La Pologne a demandé l'activation de l'Article 4 du Traité de l'Atlantique Nord en raison de violations de son espace aérien par des drones, et l'OTAN lui a immédiatement donné une réponse favorable. Cette action a suivi un incident sans précédent, où des drones, présumément russes, ont violé l'espace aérien polonais lors d'une attaque nocturne contre l'ouest de l'Ukraine.
Le Premier ministre polonais Donald Tusk a immédiatement demandé l'activation de l'Article 4 lors d'une allocution devant le parlement. « L'Article 4 n'est qu'un début pour une coopération plus approfondie en matière de sécurité de notre ciel et de notre frontière, qui est la frontière de l'OTAN », a-t-il ajouté. Le ministre des Affaires étrangères Radosław Sikorski a résumé la situation : « Lorsqu'un ou deux drones dévient de leur trajectoire, cela peut être une erreur, mais 19 violations sont impossibles à expliquer par un simple hasard. »Les forces armées polonaises ont qualifié l'incident de "provocation" et ont abattu quatre de ces drones. L'incident s'est déroulé de minuit à 6h30 du matin, causant des dommages à des biens civils, notamment à une maison familiale dans la commune de Wyryki-Wola, et entraînant la fermeture temporaire de l'aéroport de Varsovie, affectant des milliers de voyageurs. Il n'y a eu aucun blessé.
L'OTAN a réagi rapidement : le Secrétaire général Mark Rutte a confirmé l'activation et a convoqué une session extraordinaire du Conseil de l'Atlantique Nord. « Nous sommes en consultation étroite avec la Pologne et nos alliés. Cet incident représente une menace sérieuse », a déclaré M. Rutte dans une déclaration publiée sur le site web de l'OTAN. « Qu'il ait été intentionnel ou non, c'est absolument irresponsable et dangereux. Mais la nuit dernière a montré que nous sommes capables de défendre chaque pouce du territoire de l'OTAN, y compris son espace aérien. »
En réponse, des chasseurs néerlandais (F-35), suédois (Gripen) et italiens ont été déployés pour assurer la sécurité de l'espace aérien.

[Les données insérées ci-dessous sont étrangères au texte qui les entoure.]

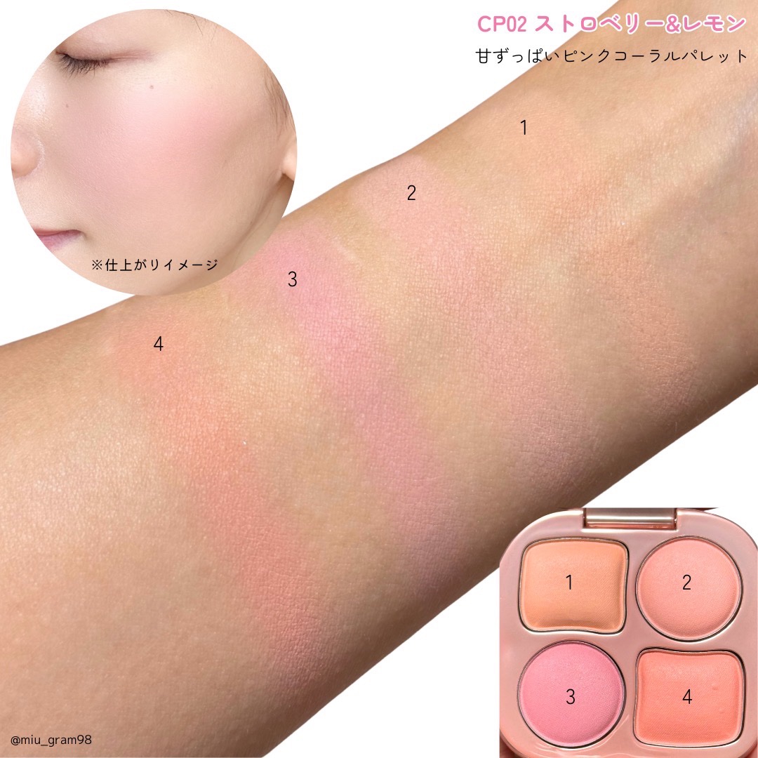 | チークランキング第145位 | 手のひらサイズで4色パレット 指塗りでもムラになりにくい ふんわりジェリー質感 | 詳細を見る | |
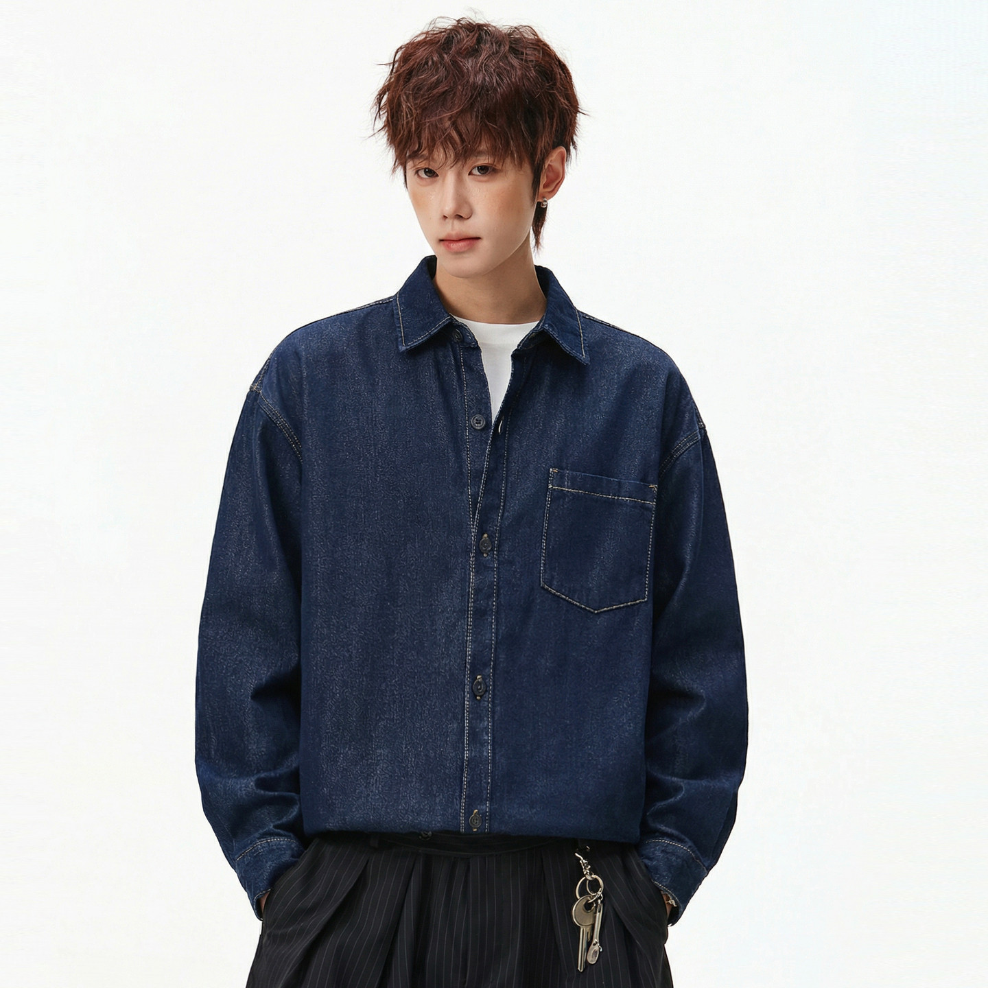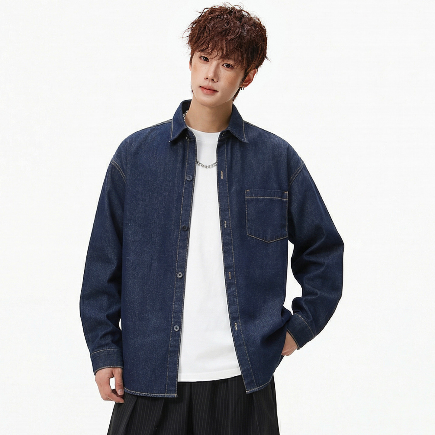 男士莱赛尔深蓝色牛仔衬衫男2026新款春季大码男装上衣长袖衬衣潮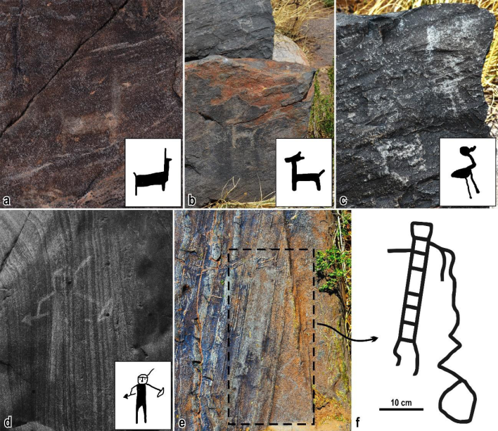 Los antropomorfos son otro de los motivos figurativos presentes, aunque muchos más escasos que los camélidos, también muestran variabilidad en la forma en que son representados. Al respecto, se registran dos motivos prehispánicos y dos posteriores. Entre los primeros, uno de ellos se trata de una figura cuadrangular elongada, de frente y que destaca por su mayor tamaño (~ 35 cm de alto); su torso está definido por rectángulos y posee dos piernas, dos brazos realizados mediante trazo lineales que salen del torso a la altura del cuello, y de uno de ellos se desprende una línea zigzagueante; la cabeza es cuadrangular sin rasgos faciales (Figura 4e y f). La restante figura prehispánica corresponde a un antropomorfo de tipo filiforme con brazos en forma de cruz, piernas en V invertida y cabeza apenas destacada por un engrosamiento del trazo del cuerpo. En este caso, la técnica es el picado de cuerpo lleno. Los otros dos motivos antropomorfos son modernos, realizados ambos por raspado superficial. Se trata de personajes con arco, flecha y pluma, en posición estática o dinámica; en este último caso, debajo del motivo se identifica un grafiti actual (Figura 4d).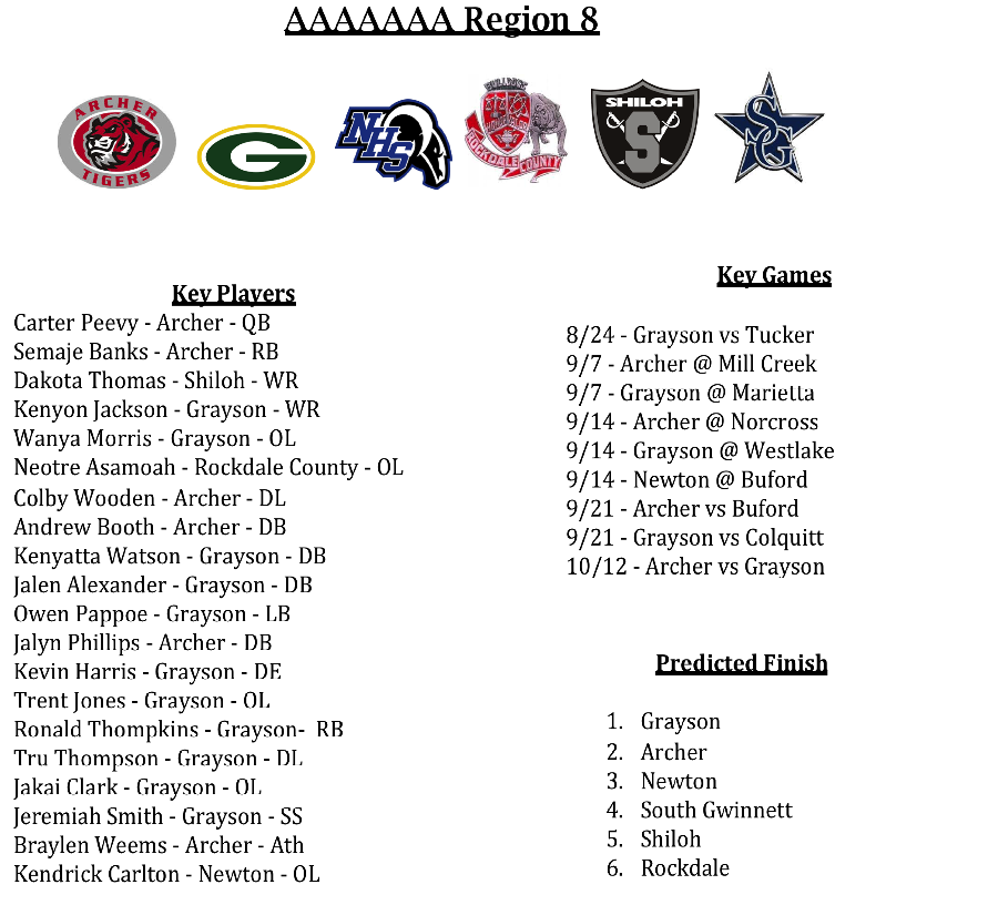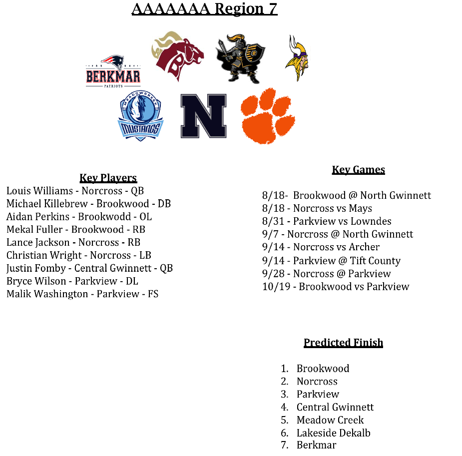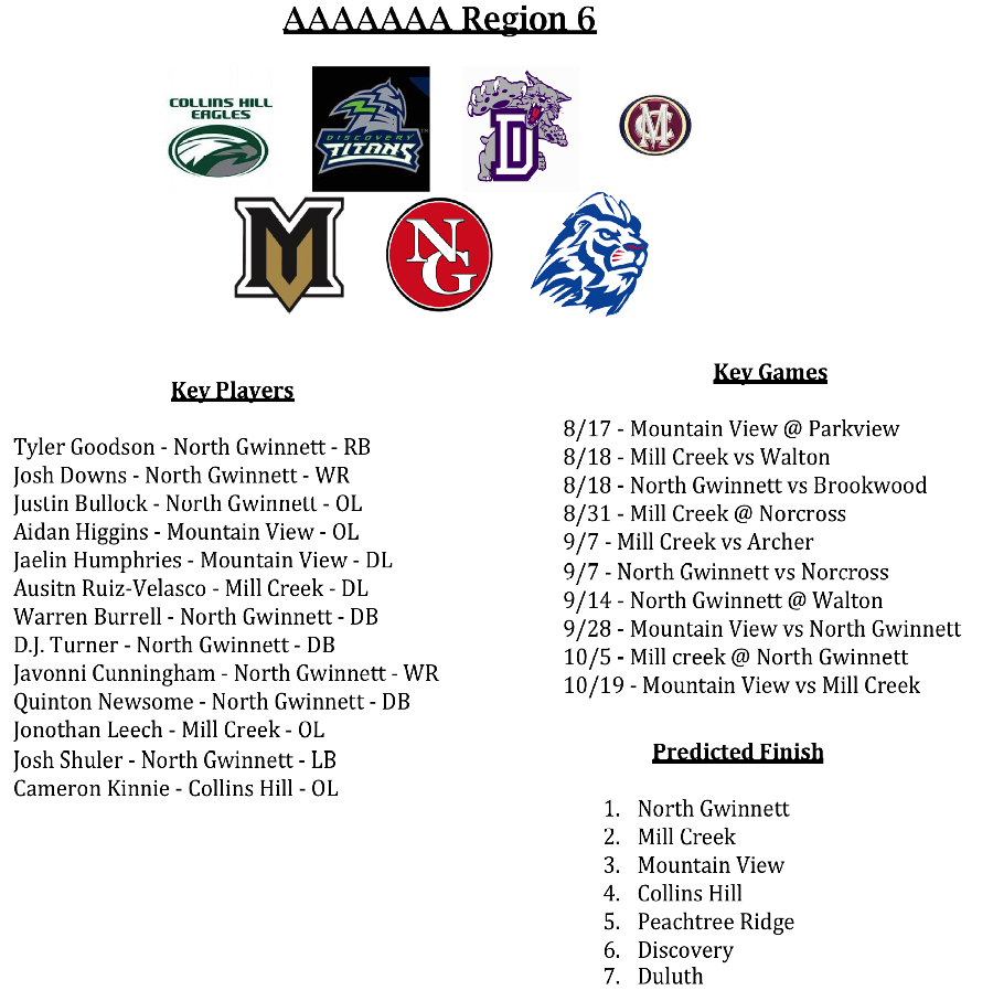 North Gwinnett is the defending 7A state champion. This region is no cake-walk, but we think that North Gwinnett will bring home another Region Title. We expect for Mill Creek and Mountain View to contend for the 2nd spot in the region. Peachtree Ridge and Discovery should be improved, but not enough to make the top four this season.

Les systèmes de défense Patriot allemands ont été placés en état d'alerte, et les alliés, notamment le Royaume-Uni et l'Allemagne, ont exprimé leur pleine solidarité.
Le ministre britannique de la Défense John Healey a qualifié l'incident de "dangereux et sans précédent" et a ordonné une évaluation pour renforcer la défense de la Pologne.
Contrairement à l'Article 5, qui déclenche la défense collective en cas d'attaque armée, l'Article 4 permet la discussion et la coordination de mesures, telles que le renforcement de la défense ou le partage d'informations, sans nécessiter une intervention militaire. Il a été invoqué sept fois depuis la création de l'OTAN, la dernière fois en 2022 après l'invasion russe de l'Ukraine.L'Article 4, inscrit dans le Traité de Washington de 1949, engage les États membres à des consultations mutuelles "lorsqu'une menace pour l'intégrité territoriale, l'indépendance politique ou la sécurité de l'une des parties contractantes se manifeste, selon l'avis de l'une d'entre elles."
Ce mécanisme est utilisé pour prévenir l'escalade. Par exemple, en 2014, après l'annexion de la Crimée, la Pologne a fait appel à l'Article 4, ce qui a conduit au déploiement de forces de l'OTAN en rotation en Europe de l'Est. En 2012, la Turquie a invoqué l'Article 4 après un bombardement syrien, ce qui a permis le déploiement de systèmes Patriot. Comme l'a déclaré l'ancien Secrétaire général Jens Stoltenberg : « L'Article 4 est un outil de dialogue qui nous permet de réagir aux menaces avant qu'elles ne deviennent des crises. »
L'activation de l'article 4 signale des risques pour l'OTAN. La Pologne (4,7 % du PIB alloué à la défense) demande un renforcement de la défense aérienne et la présence de soldats américains. Les États-Unis ont promis de défendre "chaque centimètre" du territoire de leurs alliés. Les consultations pourraient aboutir à la mise en place d'une "barrière de drones" ou à des sanctions. Comme l'a déclaré Tusk : "Ceci n'est que le début."La Russie nie l'incident : le ministère de la Défense affirme que les drones avaient une portée de 700 km et ciblaient uniquement l'Ukraine (Lviv, Vinnytsia, Ivano-Frankivsk). Le porte-parole du Kremlin Dmitrij Peskov a qualifié cela de "coïncidence" et a rejeté l'idée d'une provocation. Le président ukrainien Volodymyr Zelensky a mis en garde : « Cela crée un dangereux précédent pour l'Europe » et a offert les données de ses radars.